Seb the 13 year old pig breeder and Jess on balancing books and bridles


As always we kick off the month with the letters – editor Laura is looking at the allure of business awards, followed by all the letters to the editor.

Simon Hoare MP has been considering the problematic lack of positivity in politics: ‘People don’t want to vote against things; rather they want to vote for things.’

Ken Huggins of the Green party is loking for ‘a green shift’, and discusses the stricter regulation of the water treatment industry, ‘including 4,000 water company inspections by the Environment Agency in order to ensure that our waterways ‘remain healthy’. But our rivers can hardly ‘remain’ healthy when only 14 per cent of them currently warrant ‘Good’ ecological status.’

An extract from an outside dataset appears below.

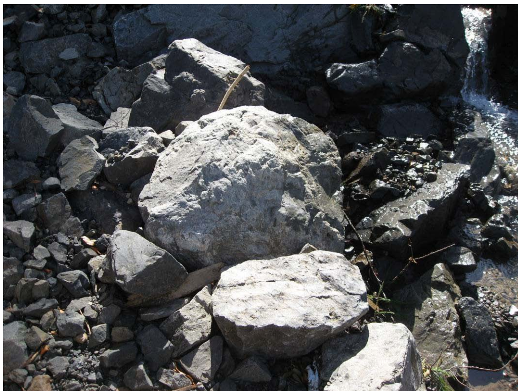
写真-1.4 土石流によって運ばれてきたφ1m程度の巨石(県道付近)

Seb Carr, the award-winning teenage rare breeds pig farmer

Gary Jackson of the North Dorset Liberal Democrats is hoping for a new, clearer financial system under the LibDems: ‘The current funding formula is decades old, unfair, opaque … and has reduced local councils to begging for grant funding from central government to construct half-viable budgets.’

Gerald Davies of the North Dorset Labour Party notes that there are 140,000 children in England with no home, and that: ‘The only way this crisis can be tackled is by building significant numbers of truly affordable homes for purchase and for social rent.’

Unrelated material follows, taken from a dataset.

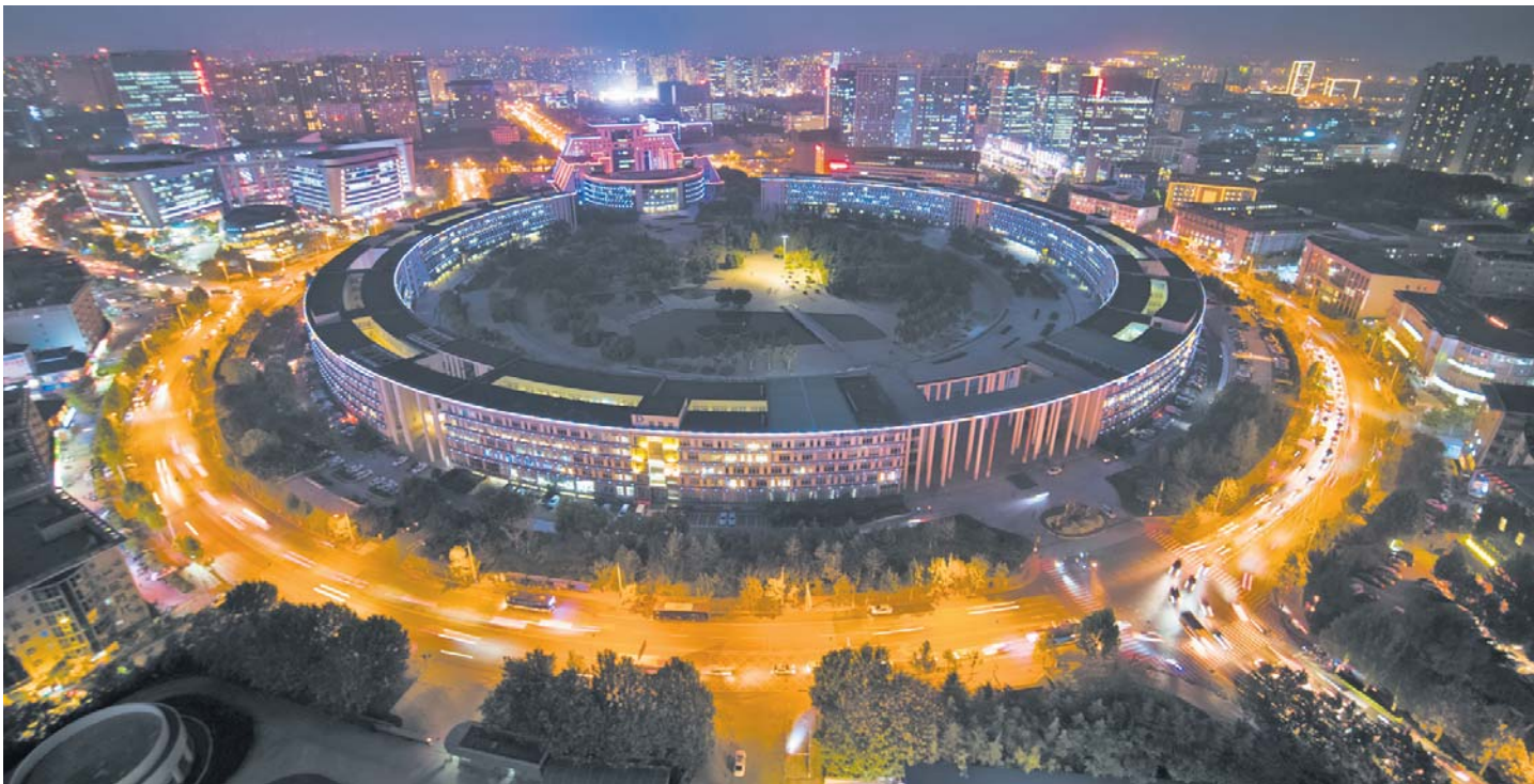
齐鲁软件园创业广场。

When Seb Carr was eight he received four pigs for Christmas. Now 13, he has one of the largest pedigree herds of the rare British Saddleback pig in the UK, and last year he became the youngest ever recipient of the British Pig Association’s New Pedigree Breeder of the Year award (which apparently involved ‘a LOVELY dinner’ in London ‘with a big stage, lots of lights and loads of other pig people. It was brilliant!’). Terry talks to him about life as a teenage pig farmer – and yes, he has an Xbox too!

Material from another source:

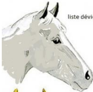
liste déviée a droite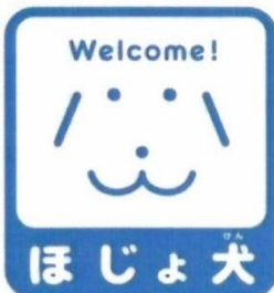
Ảnh minh họa trên nền xanh

Là ký hiệu chó nghiệp vụ được sử dụng để giúp đỡ người tàn tật.

Jess giving Mattie a rub down after a training session

Jess Rimmer is the daughter of 5* three day eventer Jo Rimmer – they jointly run Rimmer Eventing from Fontmell Parva. She’s currently juggling running a professional yard with completing her biochemistry degree at Bristol University. Growing up as an eventer’s daughter, and being put on a horse before she could walk didn’t rub off the way her mum intended: “I didn’t even like horses growing up! It wasn’t until I was 12 or 13 when I was watching a friend (who I idolised) riding her pony that I decided “I want to be like her!” and I decided to get on.’